> Goal of the exercise:
Restate word for word the section of the entries that opens at the line containing "Pubblicazioni della Università" and closes at the line containing "发布会现场,顾家家居副总裁刘", both lines kept, pictures dropped.

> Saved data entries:
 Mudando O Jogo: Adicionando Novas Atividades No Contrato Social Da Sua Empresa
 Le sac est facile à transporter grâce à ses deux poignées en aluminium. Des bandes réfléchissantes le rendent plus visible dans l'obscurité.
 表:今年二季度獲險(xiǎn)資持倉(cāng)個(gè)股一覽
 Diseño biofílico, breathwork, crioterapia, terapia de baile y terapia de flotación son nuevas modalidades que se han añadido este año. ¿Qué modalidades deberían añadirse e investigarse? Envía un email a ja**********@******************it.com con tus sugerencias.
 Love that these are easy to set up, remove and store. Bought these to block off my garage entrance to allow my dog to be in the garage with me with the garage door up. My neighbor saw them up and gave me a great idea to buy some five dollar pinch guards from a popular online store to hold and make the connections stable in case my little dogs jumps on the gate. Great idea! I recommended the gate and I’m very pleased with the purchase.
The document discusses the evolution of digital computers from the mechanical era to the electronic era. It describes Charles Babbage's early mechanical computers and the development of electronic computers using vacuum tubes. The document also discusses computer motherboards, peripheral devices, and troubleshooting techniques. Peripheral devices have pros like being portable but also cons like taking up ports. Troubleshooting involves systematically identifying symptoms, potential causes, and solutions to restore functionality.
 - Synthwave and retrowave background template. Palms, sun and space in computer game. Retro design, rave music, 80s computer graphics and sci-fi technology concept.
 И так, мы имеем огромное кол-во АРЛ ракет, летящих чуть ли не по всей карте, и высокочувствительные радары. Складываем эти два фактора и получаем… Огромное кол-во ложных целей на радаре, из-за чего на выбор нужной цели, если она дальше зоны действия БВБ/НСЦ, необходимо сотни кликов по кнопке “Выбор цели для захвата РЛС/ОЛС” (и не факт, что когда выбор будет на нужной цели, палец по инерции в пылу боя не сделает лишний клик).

---

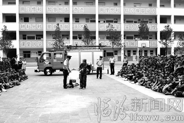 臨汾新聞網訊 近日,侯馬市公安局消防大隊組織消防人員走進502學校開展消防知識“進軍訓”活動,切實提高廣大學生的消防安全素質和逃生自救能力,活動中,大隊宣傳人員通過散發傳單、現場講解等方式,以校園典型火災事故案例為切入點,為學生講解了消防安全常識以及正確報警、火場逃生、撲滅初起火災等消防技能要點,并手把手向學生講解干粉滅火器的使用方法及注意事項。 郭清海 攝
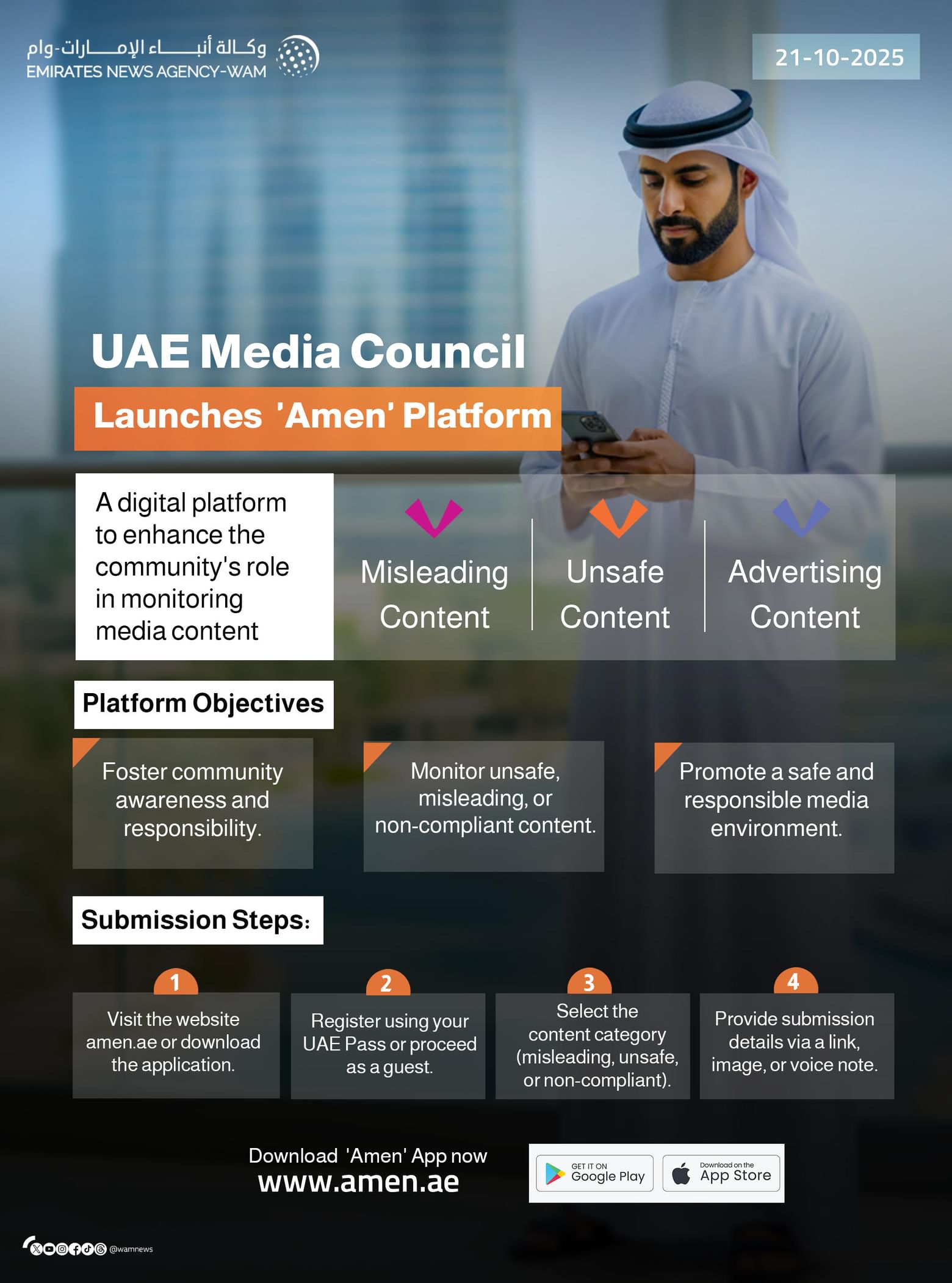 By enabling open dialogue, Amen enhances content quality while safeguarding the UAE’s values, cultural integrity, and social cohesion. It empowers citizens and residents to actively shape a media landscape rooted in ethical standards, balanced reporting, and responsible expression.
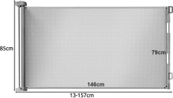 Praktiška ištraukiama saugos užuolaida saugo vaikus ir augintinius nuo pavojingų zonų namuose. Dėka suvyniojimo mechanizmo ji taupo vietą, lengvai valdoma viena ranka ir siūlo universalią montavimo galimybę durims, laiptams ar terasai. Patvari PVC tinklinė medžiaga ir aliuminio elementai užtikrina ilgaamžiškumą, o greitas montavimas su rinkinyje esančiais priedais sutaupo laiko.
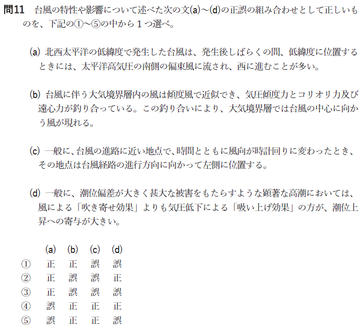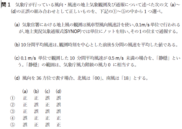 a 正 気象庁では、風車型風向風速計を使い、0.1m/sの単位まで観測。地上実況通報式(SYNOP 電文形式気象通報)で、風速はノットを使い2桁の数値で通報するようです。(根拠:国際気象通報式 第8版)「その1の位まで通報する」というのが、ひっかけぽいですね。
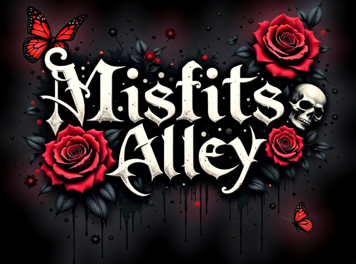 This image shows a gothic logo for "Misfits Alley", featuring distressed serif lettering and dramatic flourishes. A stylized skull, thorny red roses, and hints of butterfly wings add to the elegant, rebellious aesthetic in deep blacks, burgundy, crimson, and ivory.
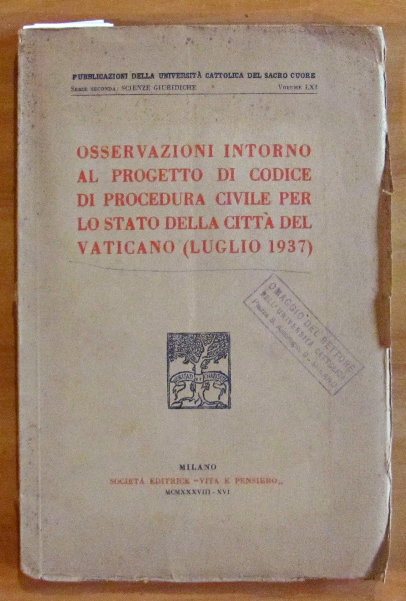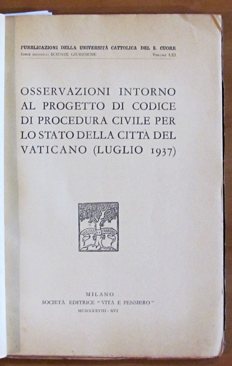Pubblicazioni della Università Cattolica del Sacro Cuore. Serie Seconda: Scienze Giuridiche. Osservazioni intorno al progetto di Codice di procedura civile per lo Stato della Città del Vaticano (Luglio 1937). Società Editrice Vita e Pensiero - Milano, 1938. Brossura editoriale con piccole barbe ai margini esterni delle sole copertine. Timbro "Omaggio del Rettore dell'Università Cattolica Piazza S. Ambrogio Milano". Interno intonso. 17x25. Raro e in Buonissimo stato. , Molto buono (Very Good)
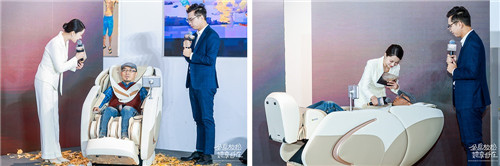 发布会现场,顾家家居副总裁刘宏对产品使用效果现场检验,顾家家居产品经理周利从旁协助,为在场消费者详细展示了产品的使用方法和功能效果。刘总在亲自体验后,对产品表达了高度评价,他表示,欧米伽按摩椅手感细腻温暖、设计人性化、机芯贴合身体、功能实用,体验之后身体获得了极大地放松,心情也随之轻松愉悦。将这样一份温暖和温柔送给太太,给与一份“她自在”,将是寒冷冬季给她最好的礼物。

--

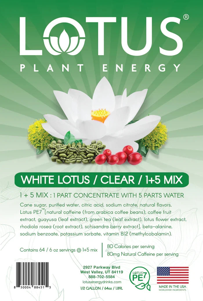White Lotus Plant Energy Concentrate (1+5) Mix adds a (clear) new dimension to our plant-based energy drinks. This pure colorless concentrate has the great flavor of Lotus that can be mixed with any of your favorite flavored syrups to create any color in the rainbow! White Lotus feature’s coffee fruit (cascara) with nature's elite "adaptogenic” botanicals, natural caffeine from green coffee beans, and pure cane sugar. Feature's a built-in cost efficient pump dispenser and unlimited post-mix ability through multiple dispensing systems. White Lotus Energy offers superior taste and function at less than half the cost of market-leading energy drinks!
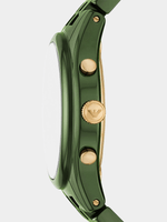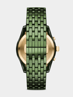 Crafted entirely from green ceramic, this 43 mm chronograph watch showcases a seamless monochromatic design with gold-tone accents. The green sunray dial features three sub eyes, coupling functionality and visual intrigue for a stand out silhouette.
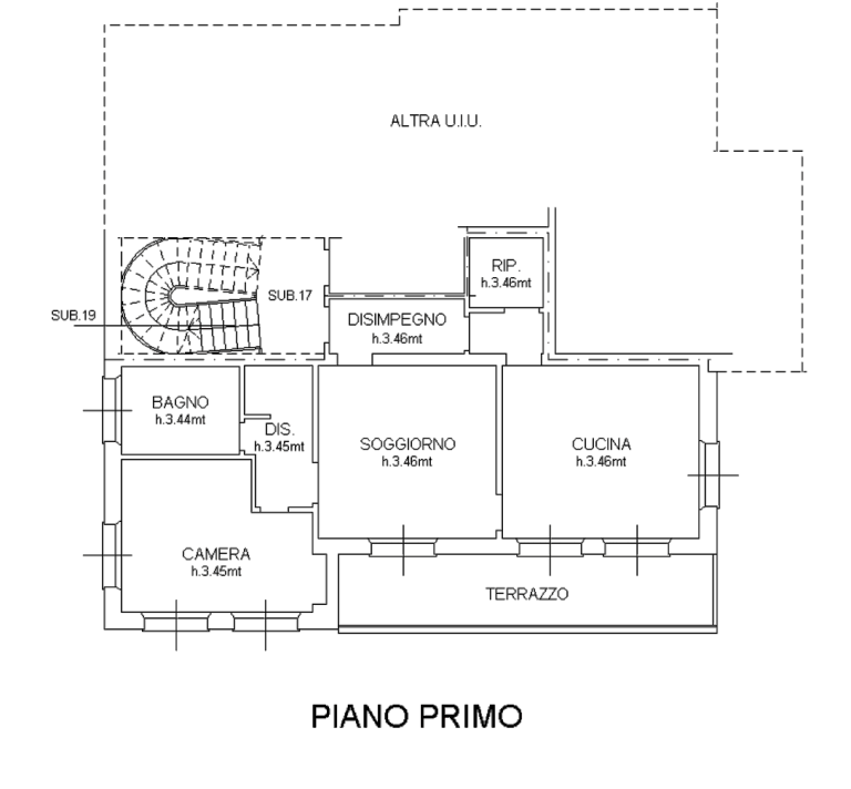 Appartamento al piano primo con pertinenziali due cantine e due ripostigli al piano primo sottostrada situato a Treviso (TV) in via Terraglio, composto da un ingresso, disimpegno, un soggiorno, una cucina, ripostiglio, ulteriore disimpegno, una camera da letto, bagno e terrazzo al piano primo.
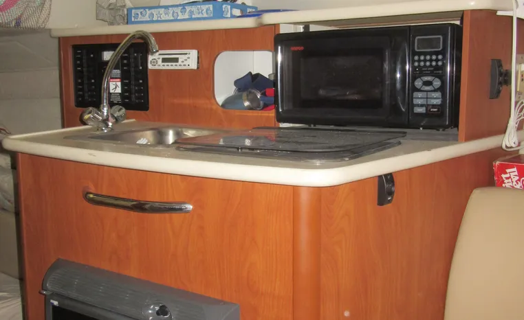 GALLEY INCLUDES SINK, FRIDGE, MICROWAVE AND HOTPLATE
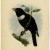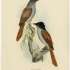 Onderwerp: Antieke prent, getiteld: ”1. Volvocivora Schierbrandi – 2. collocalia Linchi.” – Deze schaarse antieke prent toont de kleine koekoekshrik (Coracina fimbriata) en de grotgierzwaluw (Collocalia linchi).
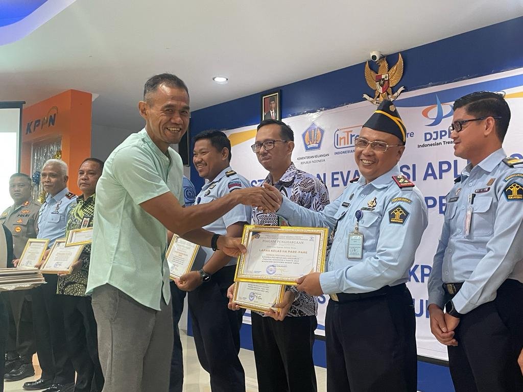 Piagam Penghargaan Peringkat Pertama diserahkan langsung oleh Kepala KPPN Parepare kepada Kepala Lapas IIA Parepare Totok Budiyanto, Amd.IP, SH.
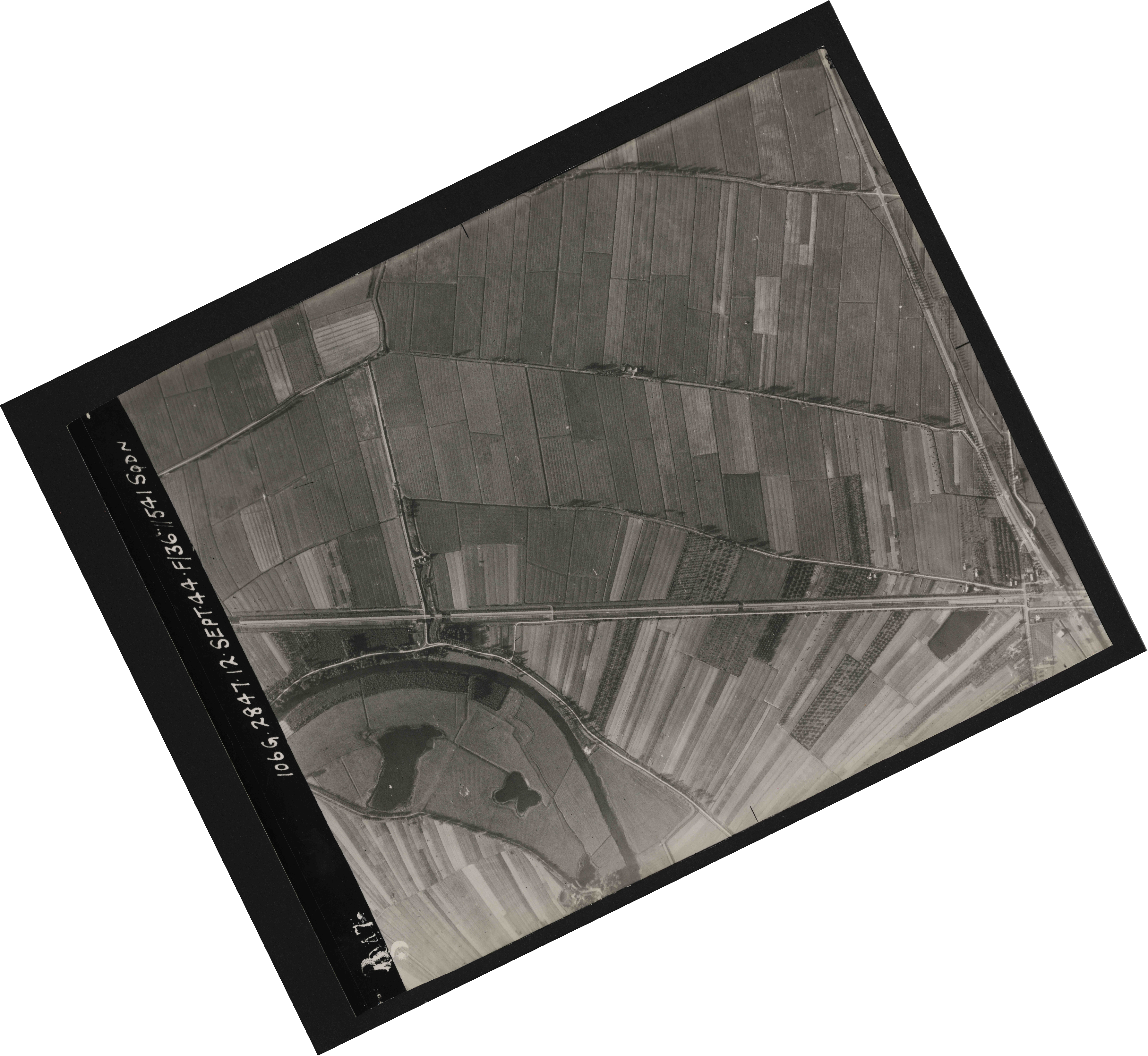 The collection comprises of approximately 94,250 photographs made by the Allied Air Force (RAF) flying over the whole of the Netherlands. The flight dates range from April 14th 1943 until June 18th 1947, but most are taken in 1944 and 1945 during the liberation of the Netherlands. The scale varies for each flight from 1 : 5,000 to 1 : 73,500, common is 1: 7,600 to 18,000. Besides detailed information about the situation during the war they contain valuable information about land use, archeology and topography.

> Response area:
Pubblicazioni della Università Cattolica del Sacro Cuore. Serie Seconda: Scienze Giuridiche. Osservazioni intorno al progetto di Codice di procedura civile per lo Stato della Città del Vaticano (Luglio 1937). Società Editrice Vita e Pensiero - Milano, 1938. Brossura editoriale con piccole barbe ai margini esterni delle sole copertine. Timbro "Omaggio del Rettore dell'Università Cattolica Piazza S. Ambrogio Milano". Interno intonso. 17x25. Raro e in Buonissimo stato. , Molto buono (Very Good)
 发布会现场,顾家家居副总裁刘宏对产品使用效果现场检验,顾家家居产品经理周利从旁协助,为在场消费者详细展示了产品的使用方法和功能效果。刘总在亲自体验后,对产品表达了高度评价,他表示,欧米伽按摩椅手感细腻温暖、设计人性化、机芯贴合身体、功能实用,体验之后身体获得了极大地放松,心情也随之轻松愉悦。将这样一份温暖和温柔送给太太,给与一份“她自在”,将是寒冷冬季给她最好的礼物。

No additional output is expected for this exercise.